LTS Secure Warning: US Defense And Aerospace Sector Attacked Using New Strain Of Malware

A new strain of malware has been identified to be used in recent attacks against multiple military and aerospace sectors.

 

Technical Details

The attack chain is quite similar to the one used in past campaigns, with North Korean threat actors posing as recruiters at big corporation in order to approach employees at the target companies.

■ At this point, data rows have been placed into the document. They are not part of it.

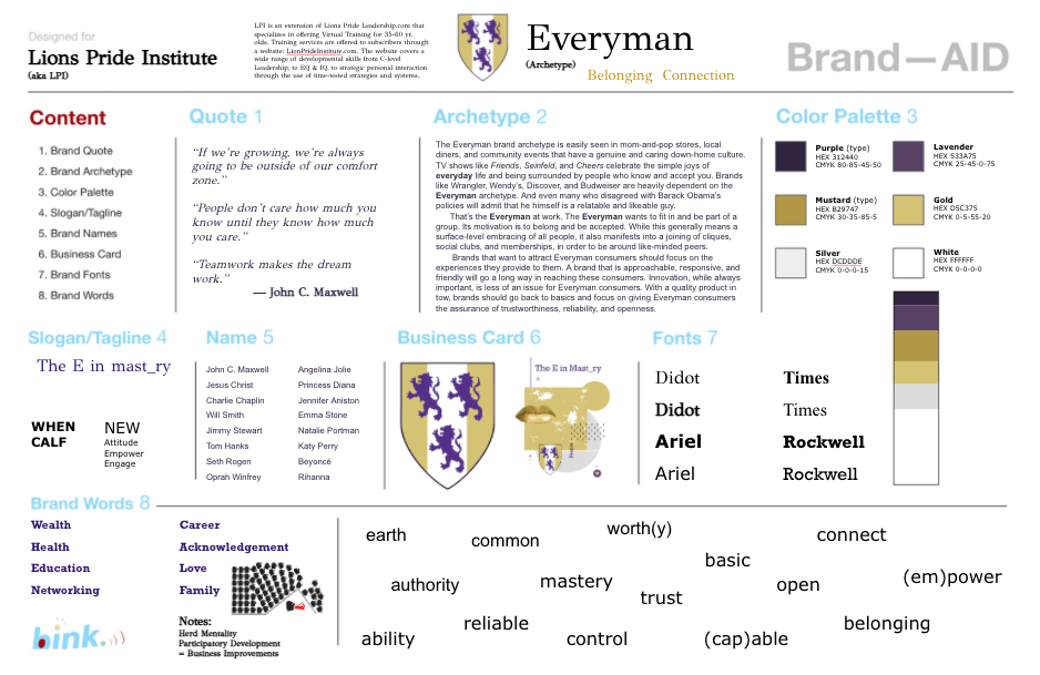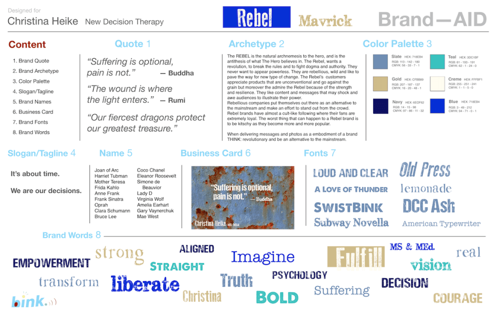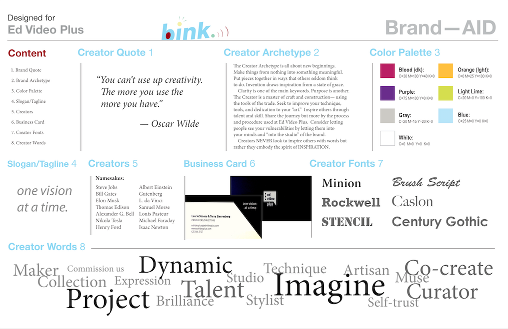 A Brand—AID is fraction of the cost ($3.K) of a full blown Brand—ID ($15K). It is a one-page guide (11″ x17″) to get more new clients/customers moving toward your company for more sales. A brand is the glue that sticks in their head.
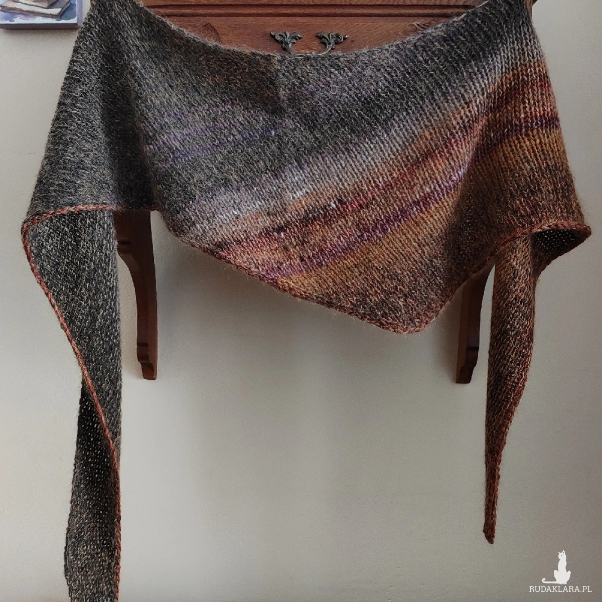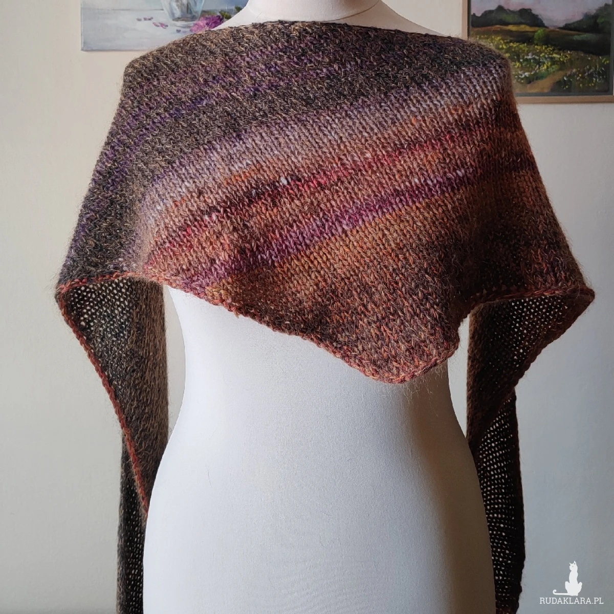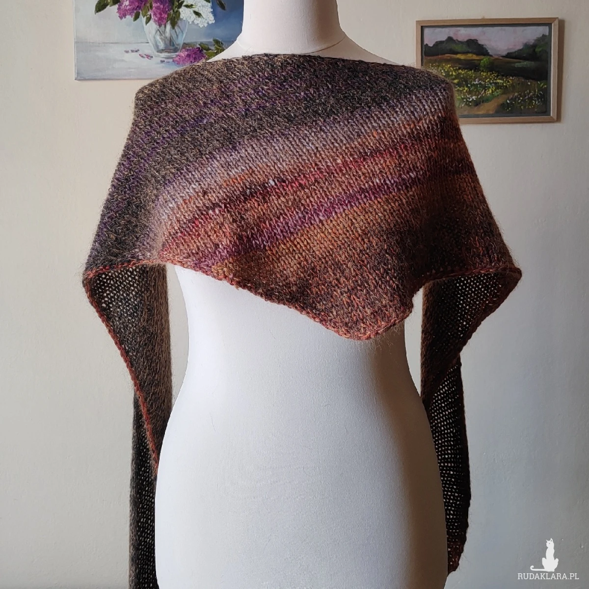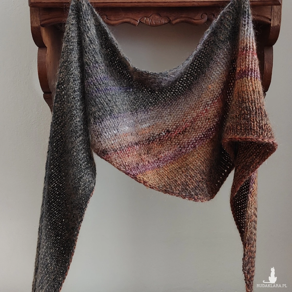 Miły, puchaty, mięsisty, lejący szal lub asymetryczna chusta, wykonana ręcznie na drutach potrójną nitką z doskonałych włóczek (w tym wyjątkowej, kultowej włóczki japońskiej firmy Noro), kanadyjskiego, szlachetnego jedwabiu z moherem i wełenki 100% merino. Łączny skład włóczek to: jedwab, moher, wełenka merino i minimalna ilość poliamidu. Niestety zdjęcia nie oddają piękna kolorów ich gradientów i uroku włóczek. Chusta/szal jest twarzowa, ciepła i pasuje do wielu stylizacji. Wymiary: długość 216 cm., w najszerszym miejscu 35 cm. Na cenę chusty ma wpływ cena włóczek. Pranie wyłącznie ręczne.
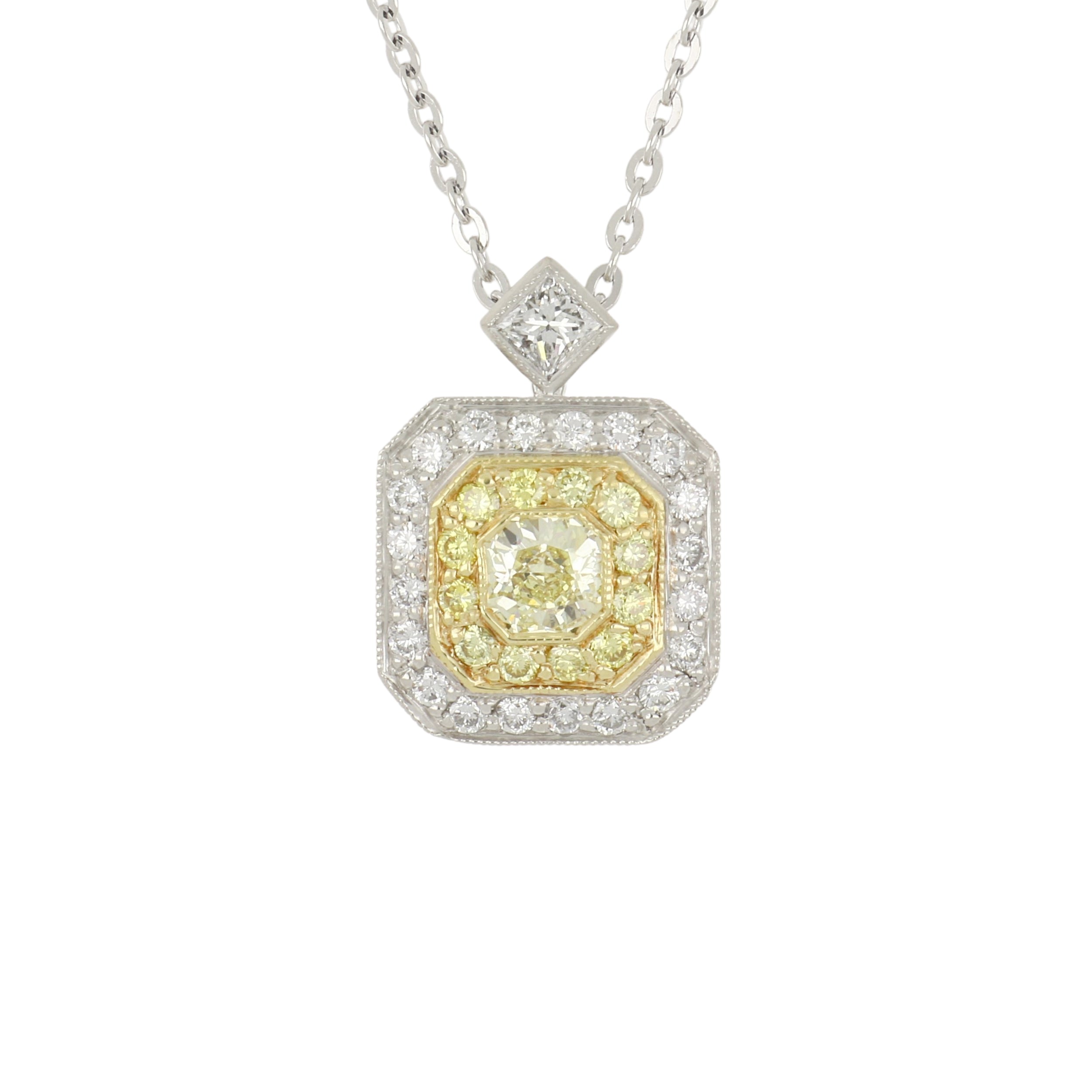 An estate J.B Star platinum and 18K yellow gold fancy yellow diamond necklace. Circa 2000.
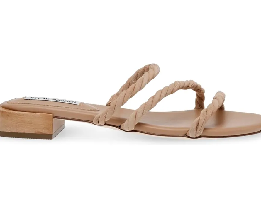 - Add a wow element to every step wearing the Steve Madden® Annah Sandals. The slip-on footwear features suede upper self-twisted straps with stacked low-block heels and open square toe silhouette.
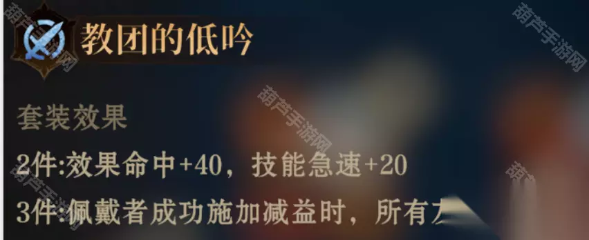 2件:效果命中+40,效果抵抗+60 3件:佩戴者受到伤害时,有50%概率对伤害来源施加冰冻,持续3秒 推荐使用:冰系坦克的春天 ⑥教团的低吟
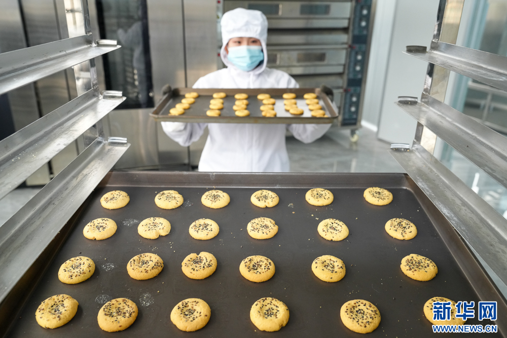 这是淮山做成的酥饼。“金融活水”助力当地企业推出淮山特色美食,提升产品附加值(1月5日摄)。新华网 肖和勇 摄
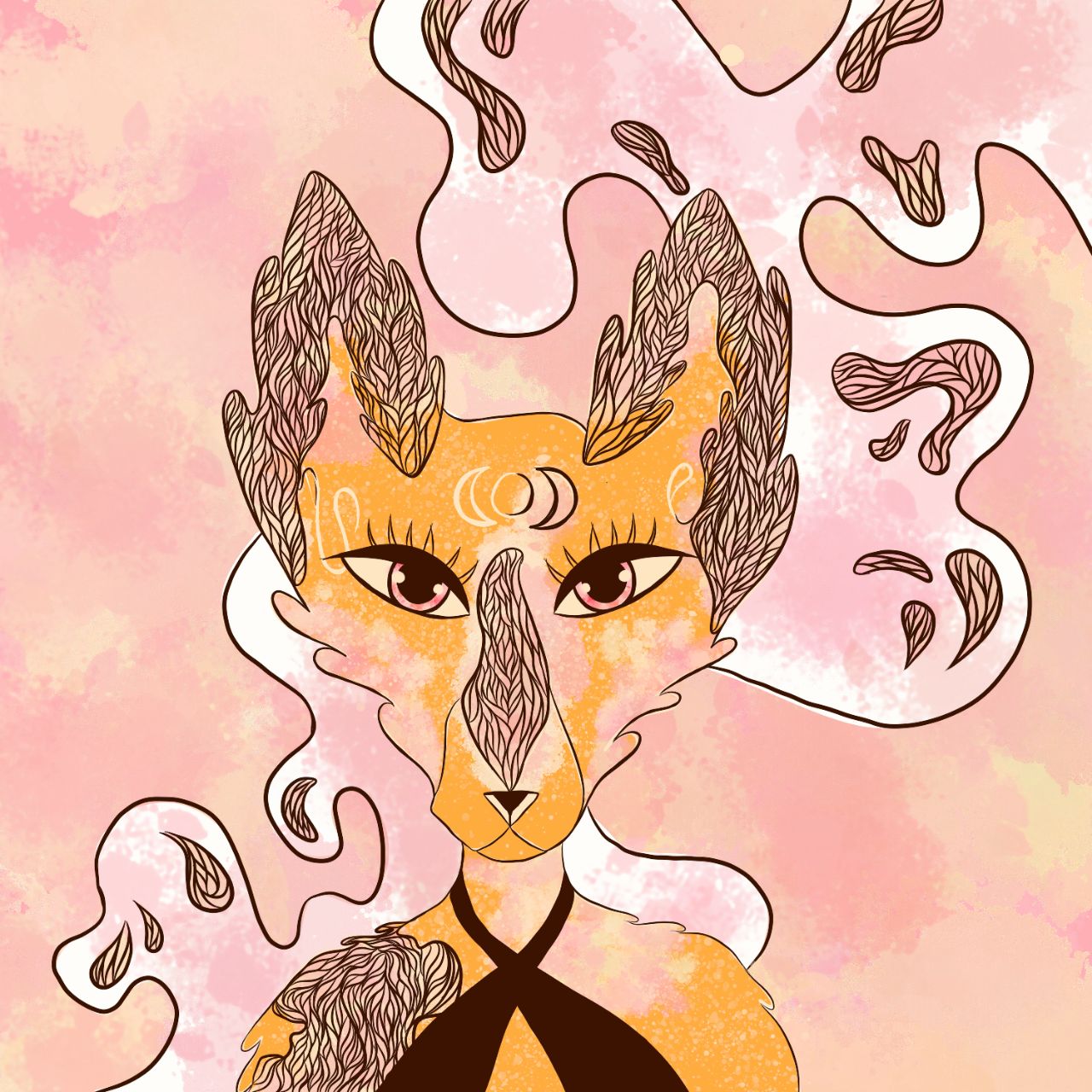 Стилизованный портрет в образ лисы, с добавлением деталей характерных для стиля в котором рисую

The targeted employees were requested to go through an interview process, during which they were baited into opening a weaponized office or PDF document, causing the malware to be deployed on their system. The final payload in this attack is a remote access trojan (RAT) called BLINDINGCAN.

 

Impact

  • Get hardware & software information.
  • Get local IP address & MAC address information.
  • Read, write, move & execute files.
  • Launching, suspending & terminating processes & services.
  • Deletes itself at will.

 

Recommended Actions

  • Never download any suspicious attachments or click on any shady-looking link. Take an effort to educate your users on how to identify a mal-spam.
  • Always update your anti-virus software with the latest releases.
  • Periodically run “full system scan” on your endpoints.
  • Make proper security configuration for Firewall/IDS/IPS/Endpoint Protection systems so that no holes are left barred.
  • Isolate all of the compromised computers ASAP to prevent threats from spreading further inside your infrastructure.